Devvanî ’ye yazdığı reddiyelerin tamamını gençlik çağlarında yazmış ve yaşı ilerledikçe tartışmacı üslubundan vazgeçmiştir. Ghasem Kakaie’nin belirttiğine göre Deşteki son yazdığı eseri olan Keşfü’l Hakayikü’l Ahmediye kitabında Devvanî ’ye karşı olan sert üslubunu terk ederek daha saygılı ifadeler kullanmıştır.123 Buna rağmen eserlerinin çoğu Devvanî ’nin şerhlerine reddiye olarak yazılmıştır. Deştekî’nin eserindeki en önemli Devvanî eleştirilerinden biri onun yazdığı Heyakilu’n Nur şerhinde İşrâkî düşünceye uygun olmayan bahs ve nazar yöntemini kullanmasıdır. Bundan yola çıkarak Devvanî ’nin İşrâkî anlayışa sahip olmadığını ifade etmiştir.124

Bu bağlamda belirtmek gerekir ki Gıyaseddin Mansur Deştekî’nin felsefe ve kelâm düşünceleri Devvanî‘nin görüşlerinden bağımsız olarak anlaşılamaz. Düşünce ve görüşlerini daha çok Devvanî’ye reddiye olarak açıkladığı için onun anlaşılabilmesi için öncelikle Devvanî‘nin görüşlerini incelemek gereklidir. İran düşüncesi açısından Deştekî ailesi ve Devvanî arasındaki tartışmalar önem arz etmektedir. Hem İşrâkî hem Tûsî düşüncelerinin Safevî dönemi düşünürlerine aktarılması hem de önemli eserlerin yeniden yorumlama bakımından Şiraz Okulu düşünürleri hem İran’da hem Osmanlı düşünce hayatında etkili olmuşlardır. İran düşüncesinin en önemli şahsiyetlerinden olan Molla Sadra’nın eserlerinde Hem Sadreddin Deştekî 125 hem de Gıyaseddin Mansur Deştekî’den alıntılar yaptığı tespit edilmiştir.126 Şiraz Okulu düşünürleri etkileri ve öncüllerine getirdikleri yeni yorumlar açısından önemli eserler verirken kelâm felsefe ve tasavvuf alanlarını uzlaştırmış ve bu üç disiplinde de araştırmalar yapmışlardır. Aynı anda hem İşrâkî hem Meşşai hem Vahdet-i Vücud düşüncesine yakın görüşler belirterek bu üç farklı akımı birbirine yakın görmüşlerdir.

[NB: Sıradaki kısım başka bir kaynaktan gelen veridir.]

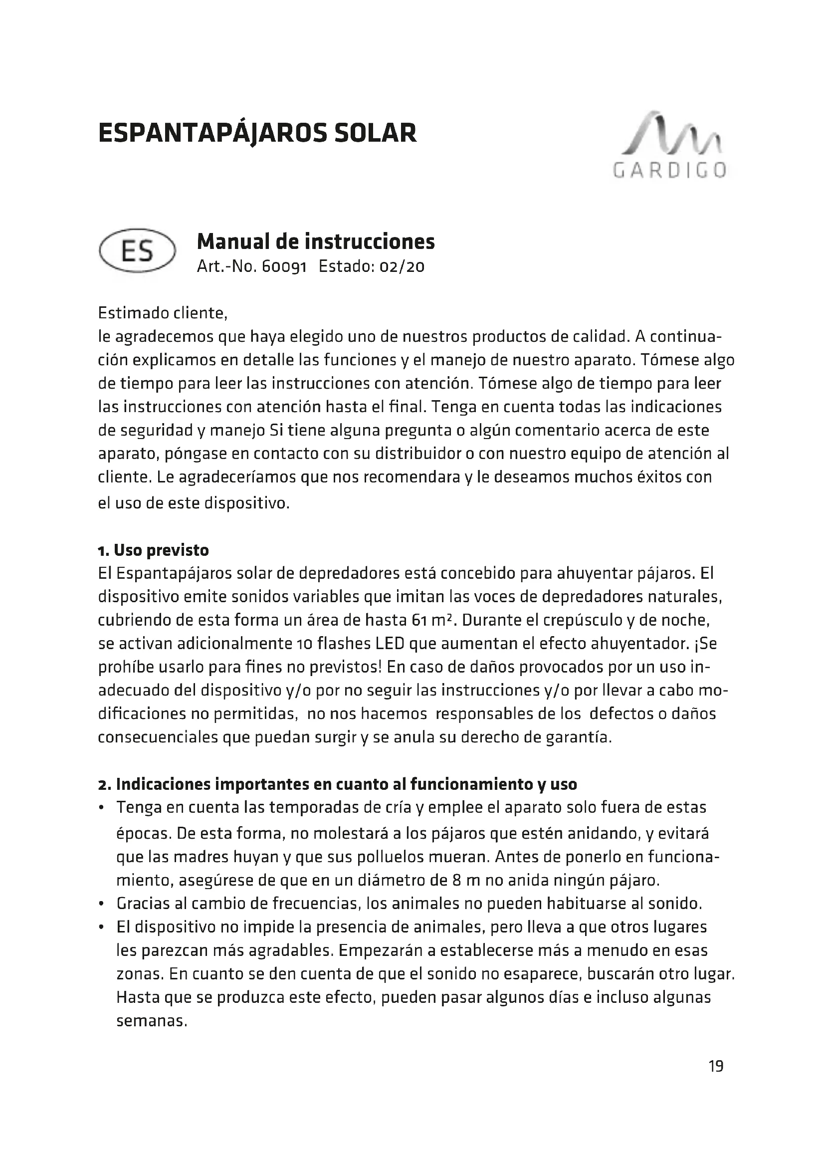 - Si el dispositivo llega a ensuciarse, límpielo con un trapo húmedo. No use limpia- dores abrasivos ni disolventes. Servicio: service@gardigo.de Su Equipo Gardigo Este producto no se puede tirar al cubo de basura convencional al final de su vida útil, sino que debe ser entregado en un punto de recogida para el reciclaje de aparatos eléctricos y elec- trónicos. El símbolo que aparece en el producto, en las instrucciones de uso o en el paquete hace referencia a esto. Los materiales son reutilizables de acuerdo con su identificación. Al reutilizar, utilizar como material o utilizar de alguna otra forma aparatos antiguos está pres- tando un importante servicio a la protección de nuestro medio ambiente. Por favor, pregunte por el puesto de gestión de residuos en su administración local. Indicaciones para la protección del medio ambiente Las pilas/baterías están sometidas a disposiciones legales. Por ello, deberá entregarlas después de su uso en el punto de venta o en un centro de recogida de residuos pertenecien- te a los organismos públicos responsables de la gestión de los residuos. No deseche nunca baterías o pilas en la basura doméstica, bolsas amarillas o similares. Las pilas o baterías sólo deben desecharse en el depósito de recogida de pilas usadas cuando estén descarga- das y después de haber tomado precauciones contra cortocircuitos (p. ej. cubrir los polos). Indicaciones sobre la eliminación de las pilas25 SPAVENTAPASSERI SOLARE Istruzioni per l’uso Art.-No. 60091 Stato: 02/20 Gentile cliente, grazie per aver scelto uno dei nostri prodotti di alta qualità. Qui di seguito spieghia- mo le funzioni e le modalità d’uso del nostro dispositivo, che vi invitiamo a leggere attentamente e a seguire scrupolosamente. Porre estrema attenzione a tutte le nor- me di sicurezza e di funzionamento indicate. Per domande o suggerimenti concer- nenti il presente apparecchio, rivolgetevi ai rivenditori specializzati o al nostro team di assistenza. Saremo lieti se l’uso di questo dispositivo soddisferà le vostre esigenze e se consiglieresti nostri prodotti ad altri.

122 Hatice Toksöz, “Celâlüddîn Devvânî’nin Şevâkilü’l-Hûr Fî Şerhi Heyâkili’n Nûr Adlı Şerhi ve Mîr Gıyâsüddin Mansûr’un İşrâku Heyâkili’n Nur-Li-Keşfi Zulümâti Şevâkili’l Ğurûr Adlı Reddiyesi Üzerine Mukayeseli Bir Değerlendirme” Osmanlı Ve İran’da İşrâk Felsefesi, Editörler: M. Nesim Doru, Ömer Bozkurt, Kamuran Gökdağ, M. Fatih Kılıç, Divan Kitap, 1. Baskı, İstanbul, 2018, s. 204-205

123 Ghasem Kakaie, “Aşinayi Ba Mekteb-i Şiraz: Mir Gıyaseddin Mansur Deşteki Şirazi 2” Kheradname-ye Sadra Dergisi, Sayı:7, Hordad, Bonyade Hekmate Eslami-i Sadra, Tahran, 1376, s.64

124 Mehmet Fatih Arslan, agm. s. 214-216

125 Fatemeh Abedini, Ali Arshad Riahi, Mahmood Zeraatpishe, “Barrasiye Tahlili-Tatbiki ye Nazariyeye Besatet Moshtagh Der Araye Seyyid Sened ve Molla Sadra” Kheradname-ye Sadra Dergisi, Sayı:96, Yaz, Bonyade Hekmate Eslami-i Sadra Tahran 1398, s. 65-68

126 Ghasem Kakaie, “Aşinayi Ba Mekteb-i Şiraz: Mir Gıyaseddin Mansur Deşteki Şirazi 2” Kheradname-ye Sadra Dergisi, Sayı:7, Hordad, Tahran, 1376, s.65-66

Safevî devletinin kurulması ve Şia’nın devletin resmi mezhebi olarak kabul edilmesiyle İran’da ilmi ve içtimai yaşantıda ciddi değişiklikler yaşanmış İran coğrafyasında Sünni tasavvuf ve düşünce baskı altında kalmış ve bunun neticesinde yok denecek kadar azalmıştır.127 Bu değişiklikler felsefe, kelâm ve tasavvuf alanında da etkili olmuştur. Çalışmamızın bundan sonraki bölümünde Safevî dönemi düşünürlerini ve inceleyeceğiz.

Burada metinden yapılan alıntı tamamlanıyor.